Only the lines from the start of the data through the line containing "Frames/ flue gas" should be written out, exactly as they are, with both ends included and the pictures left out.

[Stored dataset items]
+++++
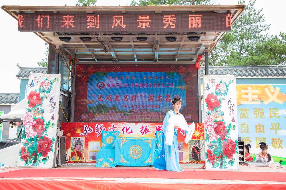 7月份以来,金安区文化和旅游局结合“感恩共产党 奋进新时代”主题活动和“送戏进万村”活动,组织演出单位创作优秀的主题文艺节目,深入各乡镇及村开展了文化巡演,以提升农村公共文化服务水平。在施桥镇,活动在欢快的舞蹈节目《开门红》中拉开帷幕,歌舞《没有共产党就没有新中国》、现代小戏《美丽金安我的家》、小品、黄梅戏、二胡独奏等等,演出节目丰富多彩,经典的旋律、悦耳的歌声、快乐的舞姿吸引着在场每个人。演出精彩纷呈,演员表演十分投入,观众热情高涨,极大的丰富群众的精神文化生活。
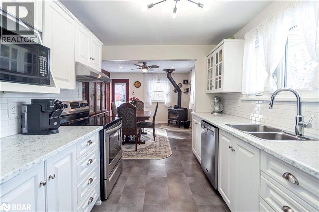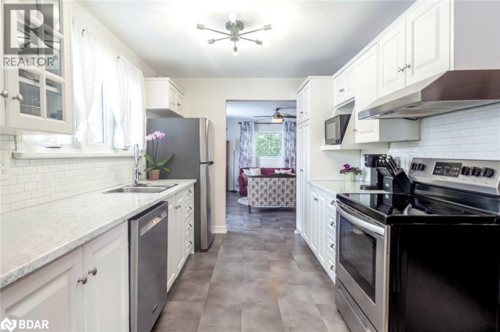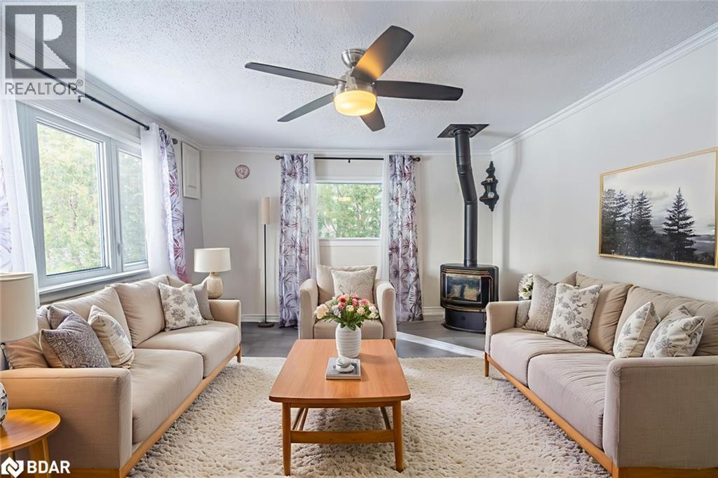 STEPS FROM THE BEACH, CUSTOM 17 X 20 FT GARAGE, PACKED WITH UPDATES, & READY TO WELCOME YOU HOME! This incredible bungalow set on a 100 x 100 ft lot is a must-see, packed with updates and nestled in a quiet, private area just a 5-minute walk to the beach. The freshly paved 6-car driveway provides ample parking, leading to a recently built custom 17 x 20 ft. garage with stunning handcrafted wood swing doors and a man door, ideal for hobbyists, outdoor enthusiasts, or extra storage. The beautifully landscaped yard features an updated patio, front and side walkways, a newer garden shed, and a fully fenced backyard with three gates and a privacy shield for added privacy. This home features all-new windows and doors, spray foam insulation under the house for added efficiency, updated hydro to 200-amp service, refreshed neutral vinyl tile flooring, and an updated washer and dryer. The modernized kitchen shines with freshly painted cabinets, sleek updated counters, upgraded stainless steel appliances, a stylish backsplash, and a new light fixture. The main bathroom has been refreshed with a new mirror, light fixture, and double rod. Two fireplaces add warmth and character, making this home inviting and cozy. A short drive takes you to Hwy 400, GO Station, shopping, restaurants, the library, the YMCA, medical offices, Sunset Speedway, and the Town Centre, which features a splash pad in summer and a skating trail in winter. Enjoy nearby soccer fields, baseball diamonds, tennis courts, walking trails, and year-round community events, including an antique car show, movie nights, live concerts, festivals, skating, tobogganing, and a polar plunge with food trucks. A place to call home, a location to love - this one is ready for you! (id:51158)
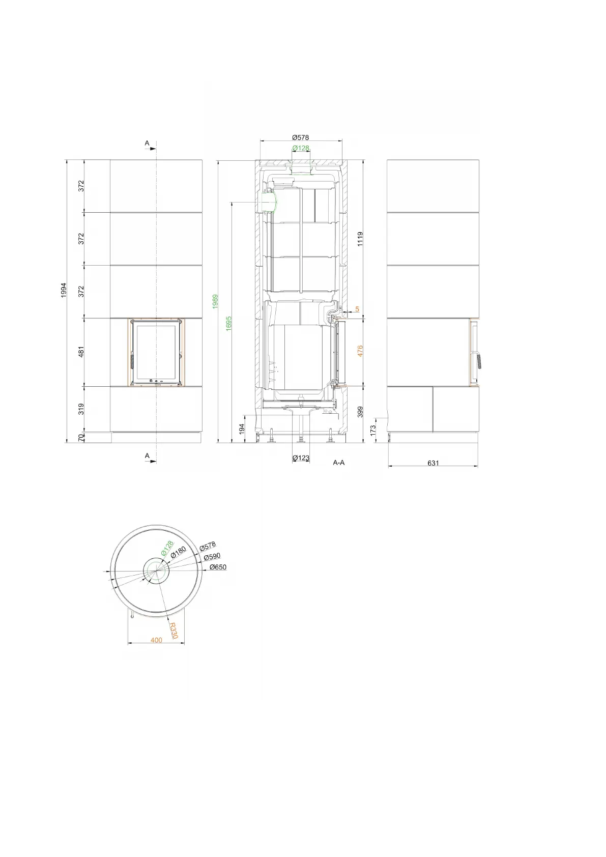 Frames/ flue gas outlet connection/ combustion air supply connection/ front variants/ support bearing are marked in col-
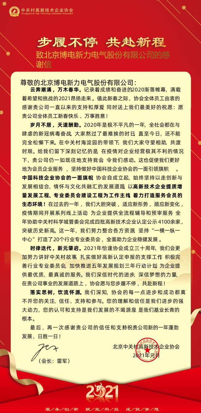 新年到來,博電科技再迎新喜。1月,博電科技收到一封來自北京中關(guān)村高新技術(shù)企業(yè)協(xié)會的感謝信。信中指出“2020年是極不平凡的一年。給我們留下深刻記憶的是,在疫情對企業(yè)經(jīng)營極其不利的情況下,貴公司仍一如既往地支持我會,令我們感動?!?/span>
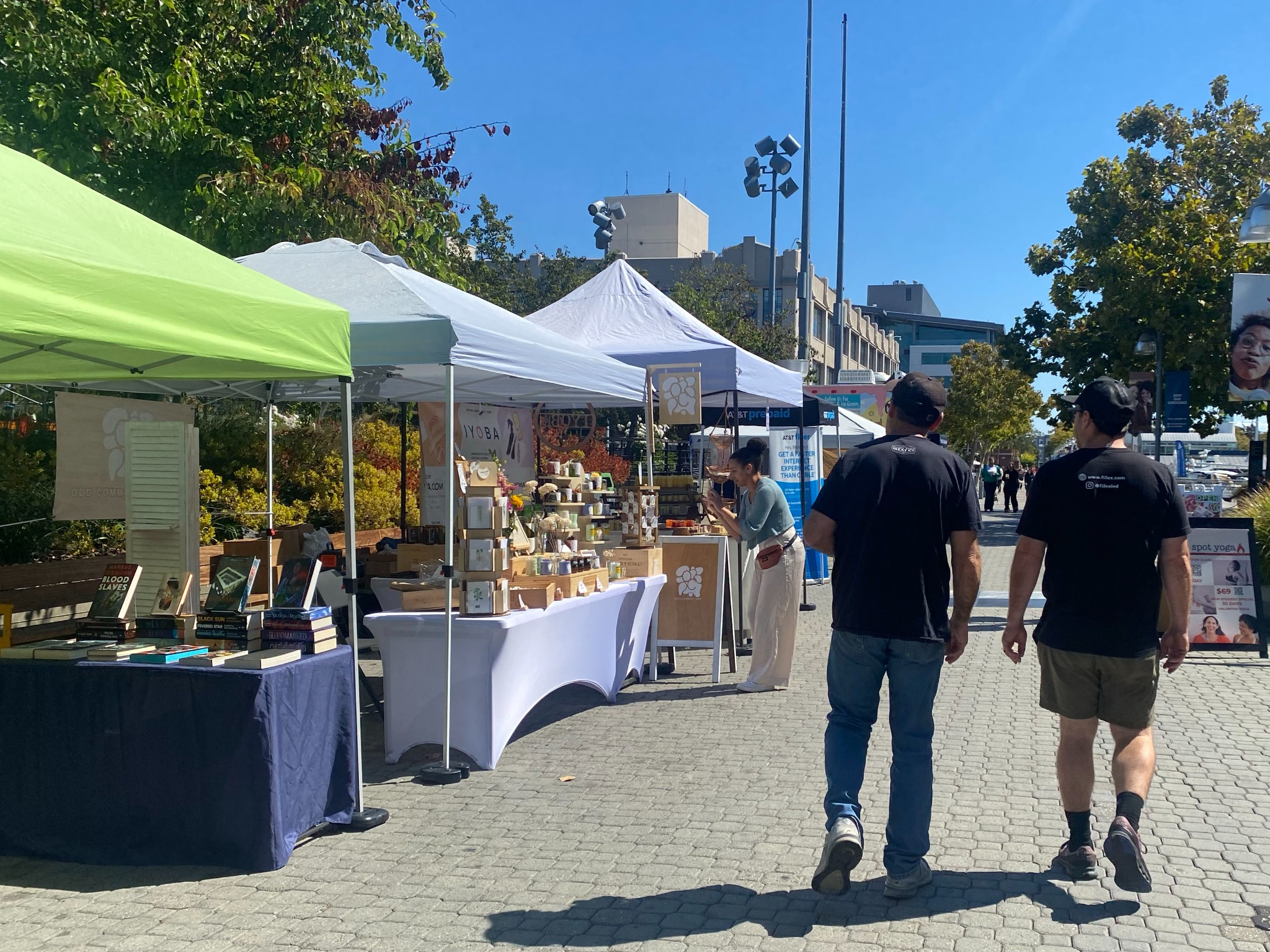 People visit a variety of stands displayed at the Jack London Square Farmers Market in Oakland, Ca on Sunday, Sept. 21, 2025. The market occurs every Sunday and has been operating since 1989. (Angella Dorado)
+++++
TASK ANSWER:
 7月份以来,金安区文化和旅游局结合“感恩共产党 奋进新时代”主题活动和“送戏进万村”活动,组织演出单位创作优秀的主题文艺节目,深入各乡镇及村开展了文化巡演,以提升农村公共文化服务水平。在施桥镇,活动在欢快的舞蹈节目《开门红》中拉开帷幕,歌舞《没有共产党就没有新中国》、现代小戏《美丽金安我的家》、小品、黄梅戏、二胡独奏等等,演出节目丰富多彩,经典的旋律、悦耳的歌声、快乐的舞姿吸引着在场每个人。演出精彩纷呈,演员表演十分投入,观众热情高涨,极大的丰富群众的精神文化生活。
 STEPS FROM THE BEACH, CUSTOM 17 X 20 FT GARAGE, PACKED WITH UPDATES, & READY TO WELCOME YOU HOME! This incredible bungalow set on a 100 x 100 ft lot is a must-see, packed with updates and nestled in a quiet, private area just a 5-minute walk to the beach. The freshly paved 6-car driveway provides ample parking, leading to a recently built custom 17 x 20 ft. garage with stunning handcrafted wood swing doors and a man door, ideal for hobbyists, outdoor enthusiasts, or extra storage. The beautifully landscaped yard features an updated patio, front and side walkways, a newer garden shed, and a fully fenced backyard with three gates and a privacy shield for added privacy. This home features all-new windows and doors, spray foam insulation under the house for added efficiency, updated hydro to 200-amp service, refreshed neutral vinyl tile flooring, and an updated washer and dryer. The modernized kitchen shines with freshly painted cabinets, sleek updated counters, upgraded stainless steel appliances, a stylish backsplash, and a new light fixture. The main bathroom has been refreshed with a new mirror, light fixture, and double rod. Two fireplaces add warmth and character, making this home inviting and cozy. A short drive takes you to Hwy 400, GO Station, shopping, restaurants, the library, the YMCA, medical offices, Sunset Speedway, and the Town Centre, which features a splash pad in summer and a skating trail in winter. Enjoy nearby soccer fields, baseball diamonds, tennis courts, walking trails, and year-round community events, including an antique car show, movie nights, live concerts, festivals, skating, tobogganing, and a polar plunge with food trucks. A place to call home, a location to love - this one is ready for you! (id:51158)
 Frames/ flue gas outlet connection/ combustion air supply connection/ front variants/ support bearing are marked in col-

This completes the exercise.